*WHAT TO PRODUCE:*
Lines from the opening of the material through the line containing "Rather than a" must be duplicated word for word. Pictures are not.

*DATASET CONTENT:*
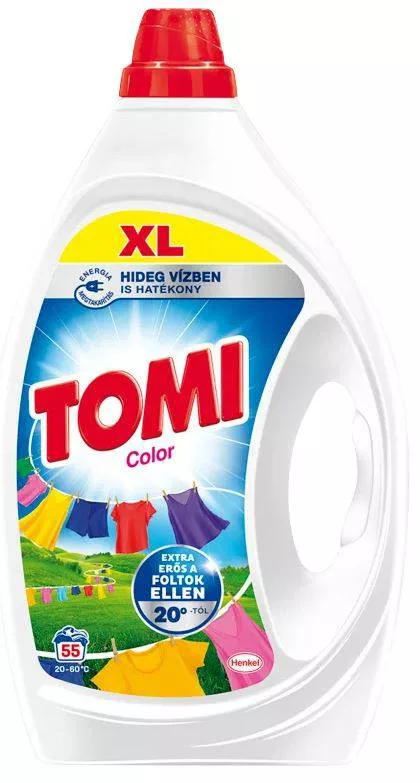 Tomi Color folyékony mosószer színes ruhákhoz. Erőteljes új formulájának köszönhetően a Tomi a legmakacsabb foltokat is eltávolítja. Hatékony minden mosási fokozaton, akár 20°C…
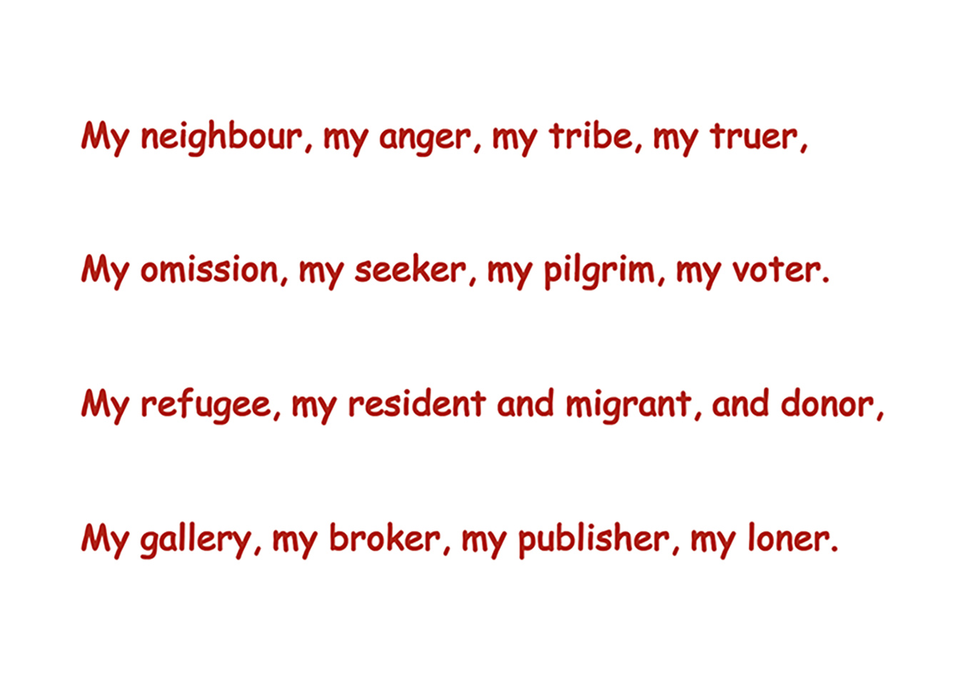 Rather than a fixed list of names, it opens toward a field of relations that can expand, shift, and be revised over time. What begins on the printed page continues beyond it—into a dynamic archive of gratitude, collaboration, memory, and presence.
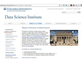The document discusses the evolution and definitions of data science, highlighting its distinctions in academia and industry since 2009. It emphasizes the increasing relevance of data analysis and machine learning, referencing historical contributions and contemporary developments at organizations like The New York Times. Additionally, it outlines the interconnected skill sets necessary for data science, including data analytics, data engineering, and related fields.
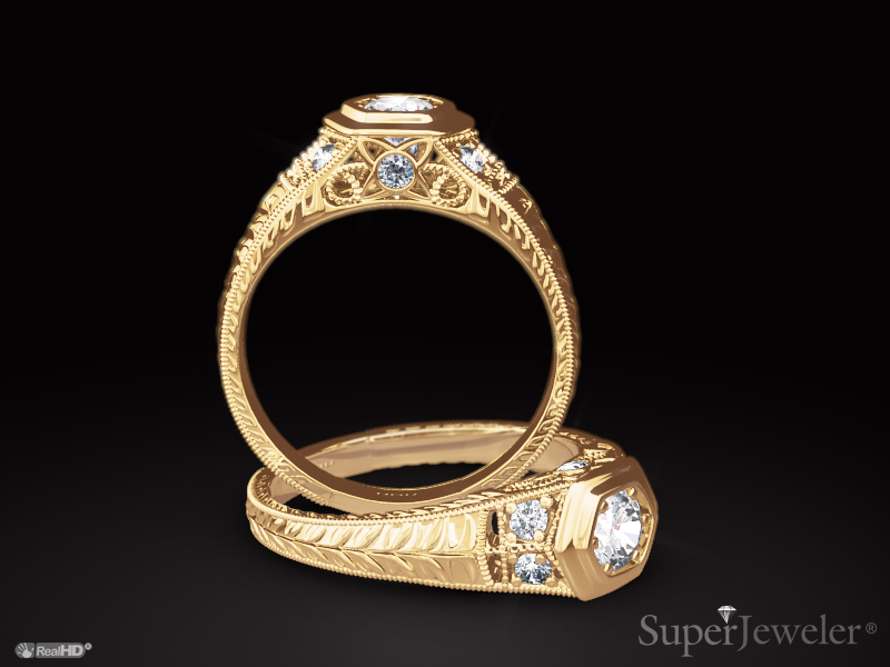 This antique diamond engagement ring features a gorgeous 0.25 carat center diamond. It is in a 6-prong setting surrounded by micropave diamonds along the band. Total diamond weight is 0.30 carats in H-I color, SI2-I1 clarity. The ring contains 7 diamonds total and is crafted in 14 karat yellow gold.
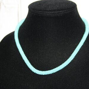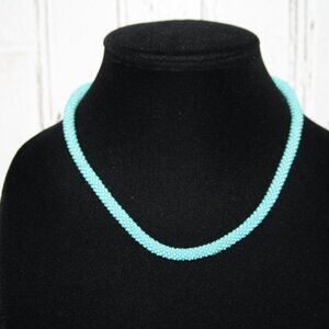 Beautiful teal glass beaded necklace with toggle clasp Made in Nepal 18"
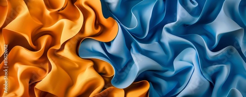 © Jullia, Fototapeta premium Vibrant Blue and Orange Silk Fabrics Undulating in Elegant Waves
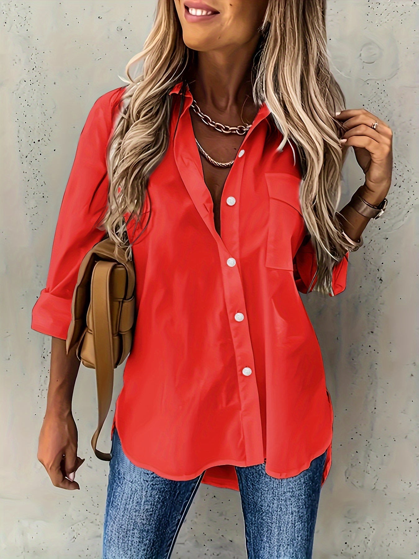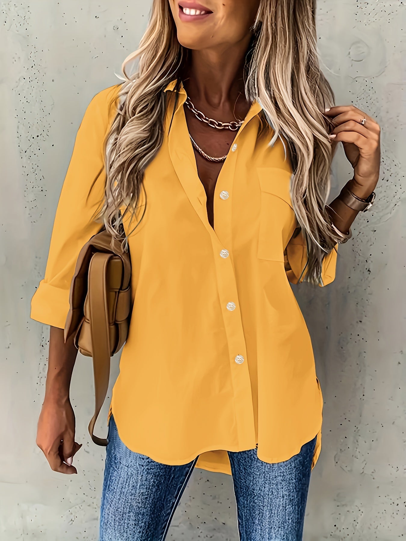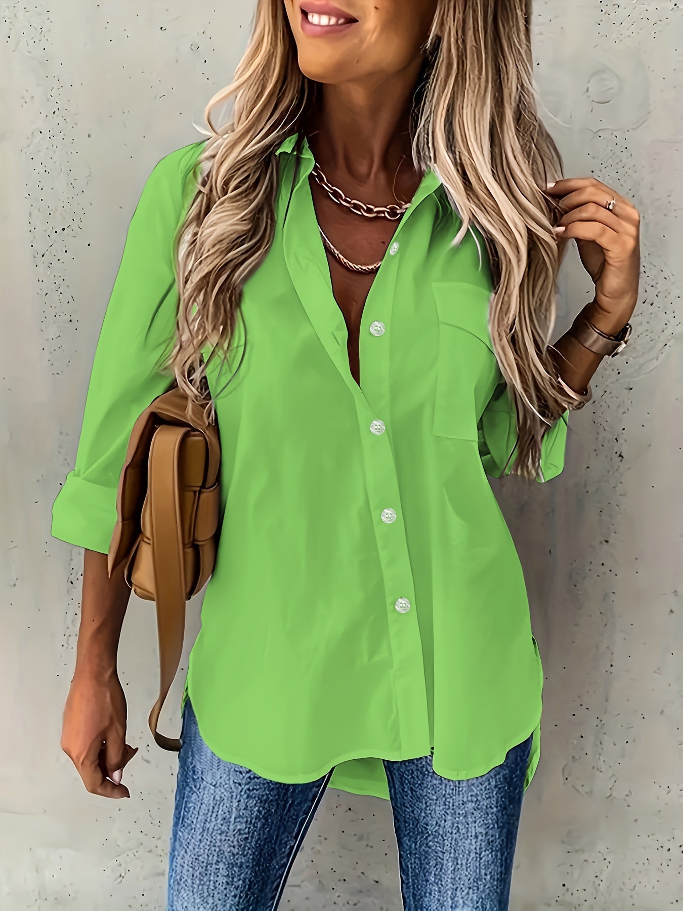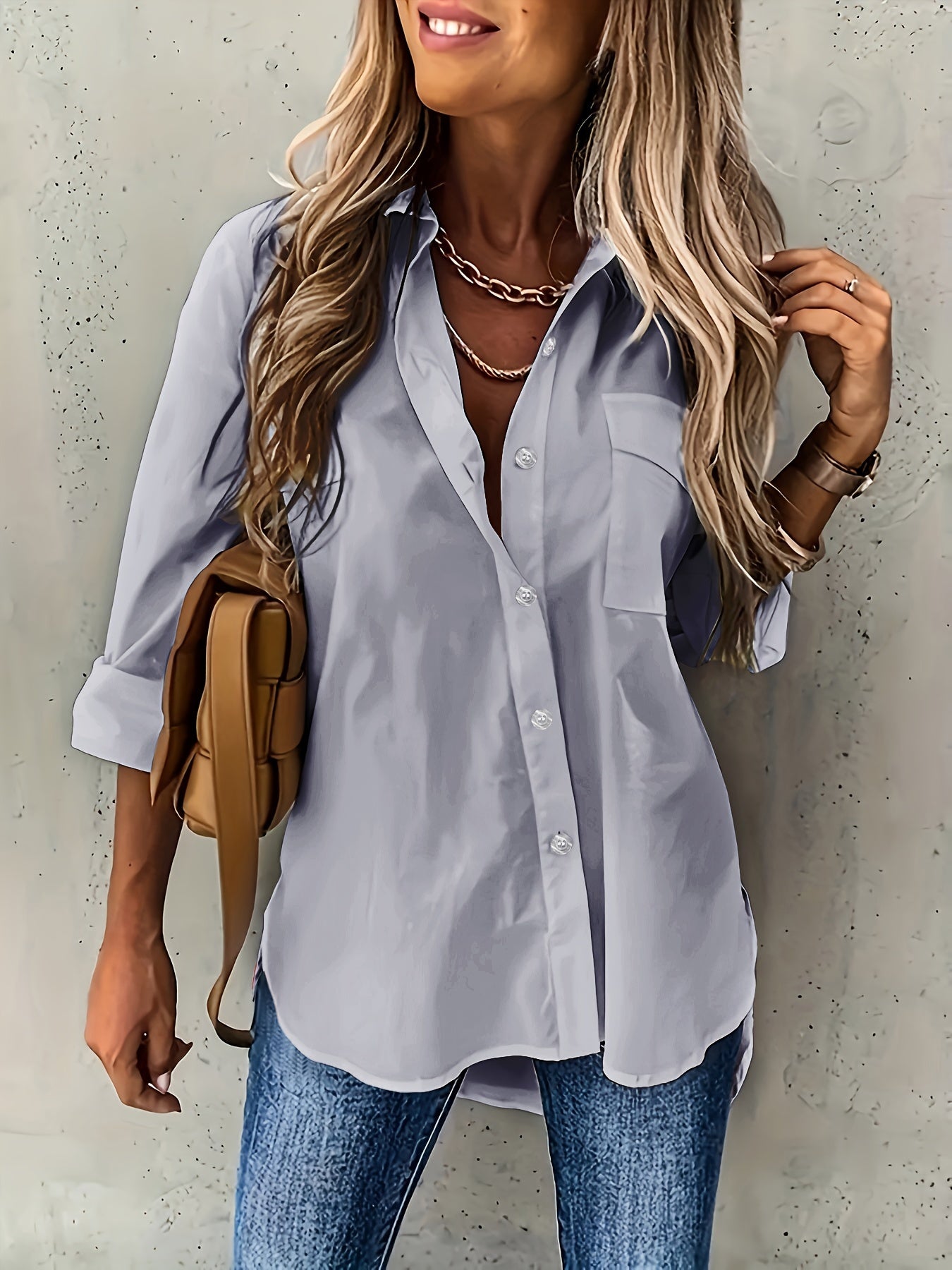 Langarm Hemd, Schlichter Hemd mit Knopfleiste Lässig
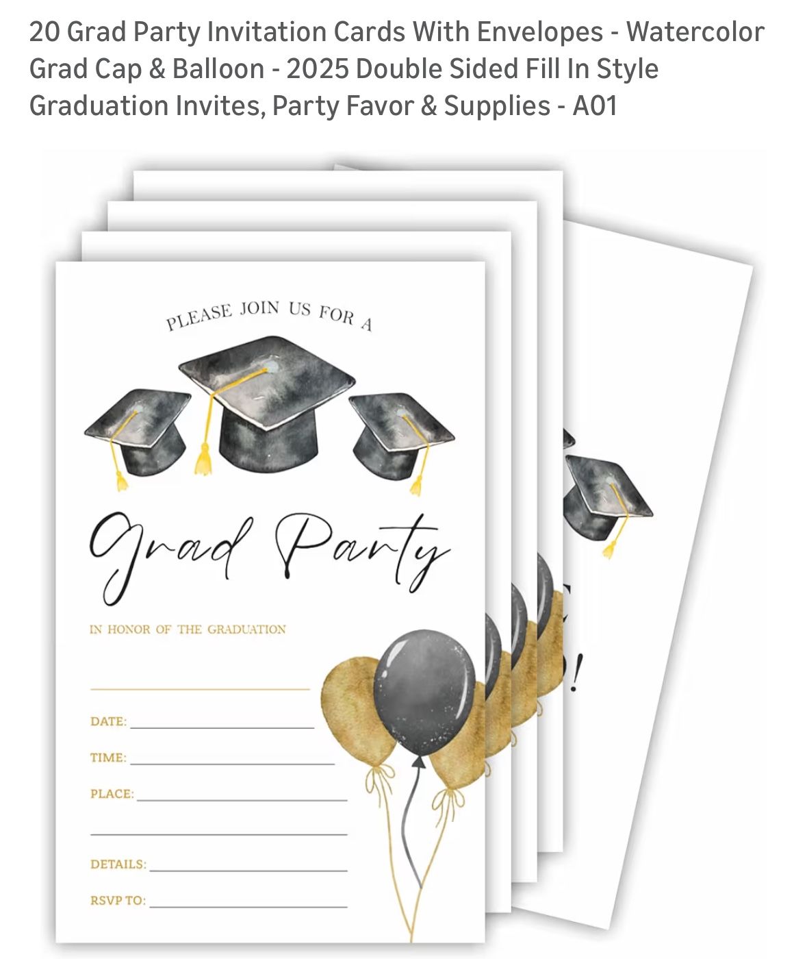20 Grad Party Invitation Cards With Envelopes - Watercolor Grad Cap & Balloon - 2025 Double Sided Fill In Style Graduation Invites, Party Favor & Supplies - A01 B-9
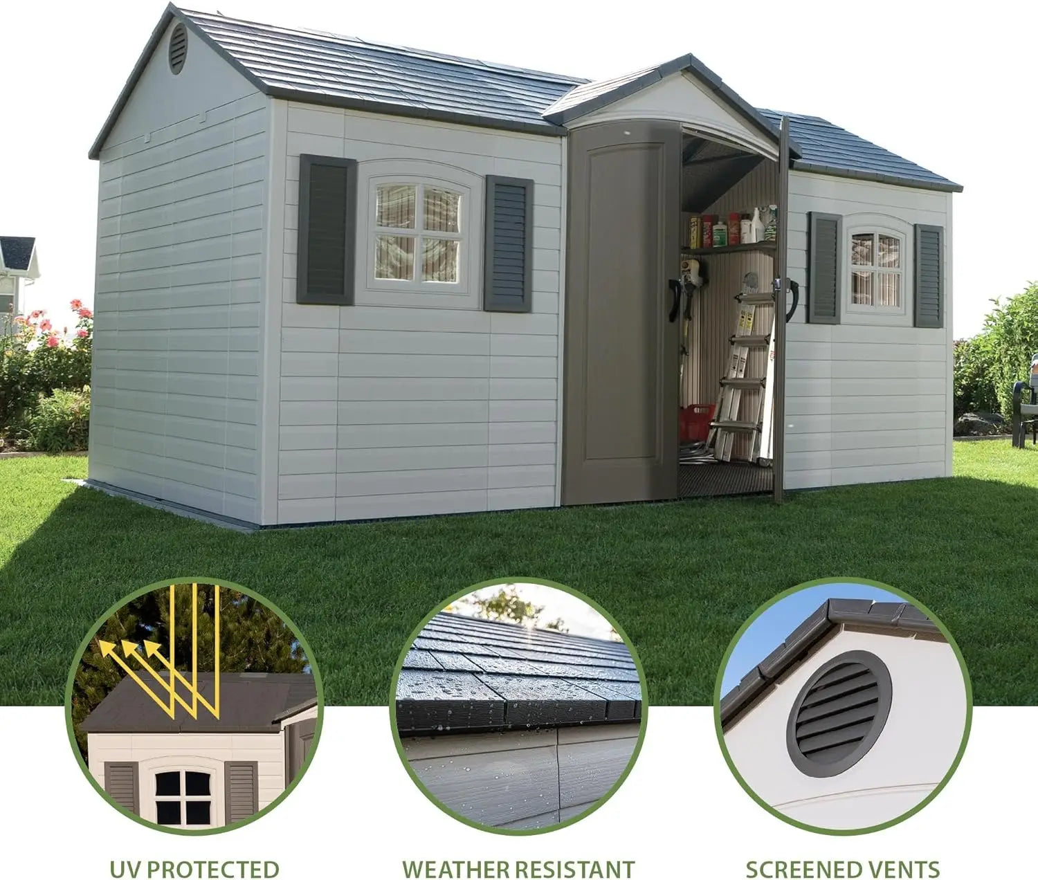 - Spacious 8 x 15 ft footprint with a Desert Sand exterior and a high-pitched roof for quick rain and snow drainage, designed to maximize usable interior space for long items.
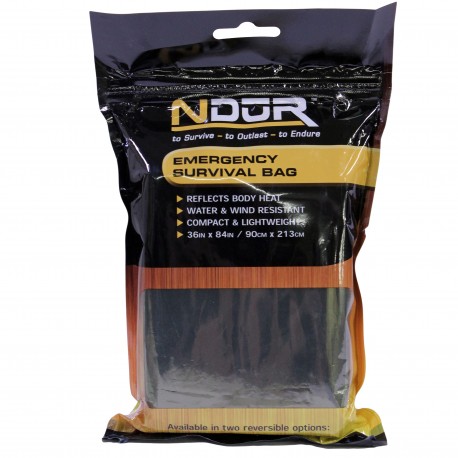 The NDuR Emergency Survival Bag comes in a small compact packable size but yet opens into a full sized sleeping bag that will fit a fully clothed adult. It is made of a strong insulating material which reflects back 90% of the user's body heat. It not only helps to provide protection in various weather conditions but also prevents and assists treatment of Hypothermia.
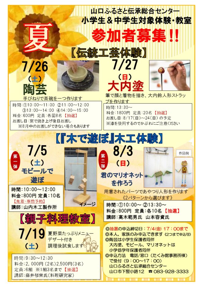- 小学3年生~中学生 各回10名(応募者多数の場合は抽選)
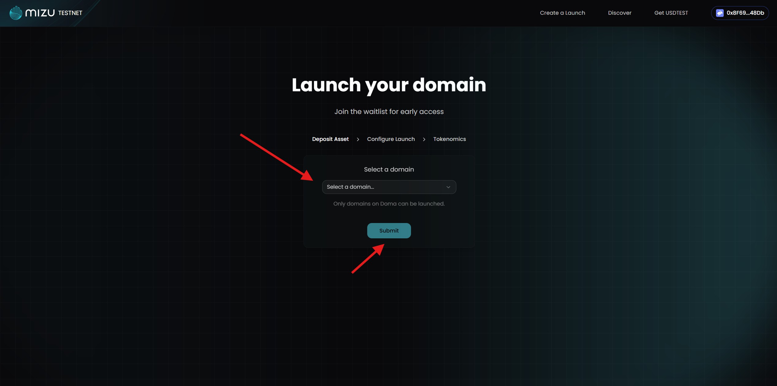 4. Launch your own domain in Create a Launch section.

*FINISHED TASK:*
 Tomi Color folyékony mosószer színes ruhákhoz. Erőteljes új formulájának köszönhetően a Tomi a legmakacsabb foltokat is eltávolítja. Hatékony minden mosási fokozaton, akár 20°C…
 Rather than a fixed list of names, it opens toward a field of relations that can expand, shift, and be revised over time. What begins on the printed page continues beyond it—into a dynamic archive of gratitude, collaboration, memory, and presence.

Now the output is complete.